While NVIDIA’s usual presentation efforts for the year were dashed by the current coronavirus outbreak, the company’s march towards developing and releasing newer products has continued unabated. To that end, at today’s now digital GPU Technology Conference 2020 keynote, the company and its CEO Jensen Huang are taking to the virtual stage to announce NVIDIA’s next-generation GPU architecture, Ampere, and the first products that will be using it.
Like the Volta reveal 3 years ago – and is now traditional for NVIDIA GTC reveals – today’s focus is on the very high end of the market. In 2017 NVIDIA launched the Volta-based GV100 GPU, and with it the V100 accelerator. V100 was a massive success for the company, greatly expanding their datacenter business on the back of the Volta architecture’s novel tensor cores and sheer brute force that can only be provided by a 800mm2+ GPU. Now in 2020, the company is looking to continue that growth with Volta’s successor, the Ampere architecture.
Now a much more secretive company than they once were, NVIDIA has been holding its future GPU roadmap close to its chest. While the Ampere codename (among others) has been floating around for quite some time now, it’s only this morning that we’re finally getting confirmation that Ampere is in, as well as our first details on the architecture. Due to the nature of NVIDIA’s digital presentation – as well as the limited information given in NVIDIA’s press pre-briefings – we don’t have all of the details on Ampere quite yet. However for this morning at least, NVIDIA is touching upon the highlights of the architecture for its datacenter compute and AI customers, and what major innovations Ampere is bringing to help with their workloads.
Kicking things off for the Ampere family is the A100. Officially, this is the name of both the GPU and the accelerator incorporating it; and at least for the moment they’re both one in the same, since there is only the single accelerator using the GPU.
|NVIDIA Accelerator Specification Comparison|
|FP32 CUDA Cores||6912||5120||3584|
|Memory Clock||3.2Gbps HBM2?||1.75Gbps HBM2||1.4Gbps HBM2|
|Memory Bus Width||5120-bit?||4096-bit||4096-bit|
|Single Precision||19.5 TFLOPs||15.7 TFLOPs||10.6 TFLOPs|
|Double Precision||9.7 TFLOPs
|INT8 Tensor||624 TOPs||N/A||N/A|
|FP16 Tensor||312 TFLOPs||125 TFLOPs||N/A|
|TF32 Tensor||156 TFLOPs||N/A||N/A|
12 Links (600GB/sec)
6 Links (300GB/sec)
4 Links (160GB/sec)
|Manufacturing Process||TSMC 7N||TSMC 12nm FFN||TSMC 16nm FinFET|
Designed to be the successor to the V100 accelerator, the A100 aims just as high, just as we’d expect from NVIDIA’s new flagship accelerator for compute. The leading Ampere part is built on TSMC’s 7nm process and incorporates a whopping 54 billion transistors, 2.5x as many as the V100 before it. NVIDIA has put the full density improvements offered by the 7nm process in use, and then some, as the resulting GPU die is 826mm2 in size, even larger than the GV100. NVIDIA went big on the last generation, and in order to top themselves they’ve gone even bigger this generation.

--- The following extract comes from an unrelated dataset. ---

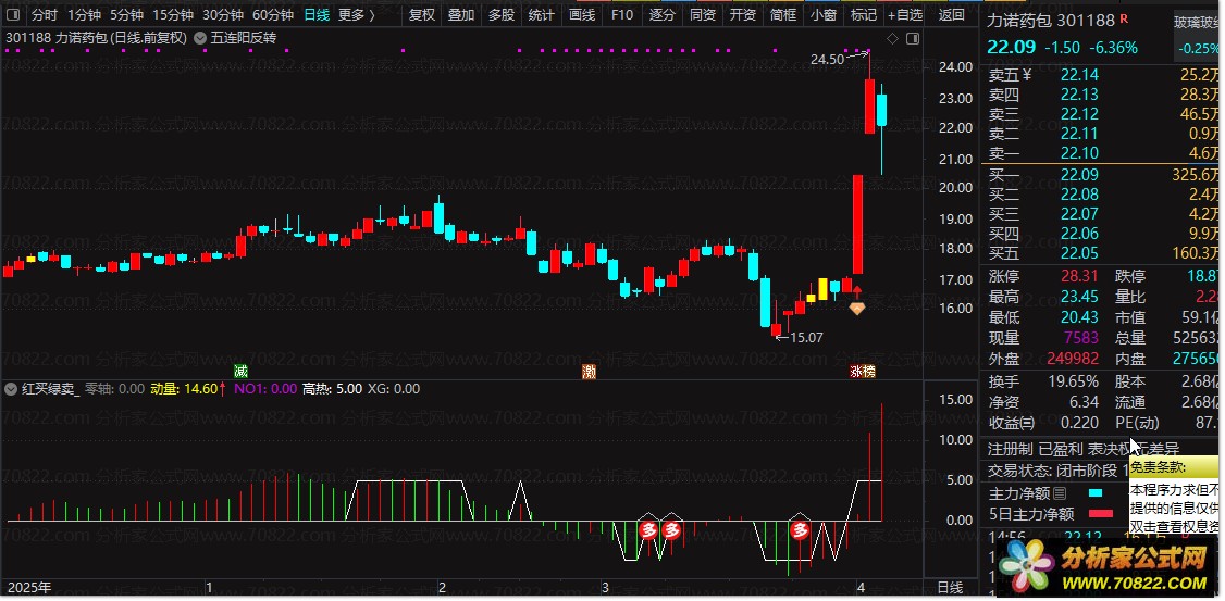 主图显示黄柱(连阳)、红柱(非连阳阳线)、青柱(阴线),配合底部红色箭头(反转信号)和黄色图标双重确认。操作时需注意:信号出现后需结合成交量放大、MACD金叉等指标验证,避免假突破。本指标适合中短线波段操作,尤其适用于震荡市中的趋势反转捕捉。

We’ll touch more on the individual specifications a bit later, but at a high level it’s clear that NVIDIA has invested more in some areas than others. FP32 performance is, on paper, only modestly improved from the V100. Meanwhile tensor performance is greatly improved – almost 2.5x for FP16 tensors – and NVIDIA has greatly expanded the formats that can be used with INT8/4 support, as well as a new FP32-ish format called TF32. Memory bandwidth is also significantly expected, with multiple stacks of HBM2 memory delivering a total of 1.6TB/second of bandwidth to feed the beast that is Ampere.
NVIDIA will be delivering the initial version of this accelerator in their now-common SXM form factor, which is a mezzanine-style card well-suited for installation in servers. On a generation-over-generation basis, power consumption has once again gone up, which is probably fitting for a generation called Ampere. Altogether the A100 is rated for 400W, as opposed to 300W and 350W for various versions of the V100. This makes the SXM form factor all the more important for NVIDIA’s efforts, as PCIe cards would not be suitable for that kind of power consumption.
As for the Ampere architecture itself, NVIDIA is releasing limited details about it today. Expect we’ll hear more over the coming weeks, but for now NVIDIA is confirming that they are keeping their various product lines architecturally compatible, albeit in potentially vastly different configurations. So while the company is not talking about Ampere (or derivatives) for video cards today, they are making it clear that what they’ve been working on is not a pure compute architecture, and that Ampere’s technologies will be coming to graphics parts as well, presumably with some new features for them as well. Ultimately this is part of NVIDIA’s ongoing strategy to ensure that they have a single ecosystem, where, to quote Jensen, “Every single workload runs on every single GPU.”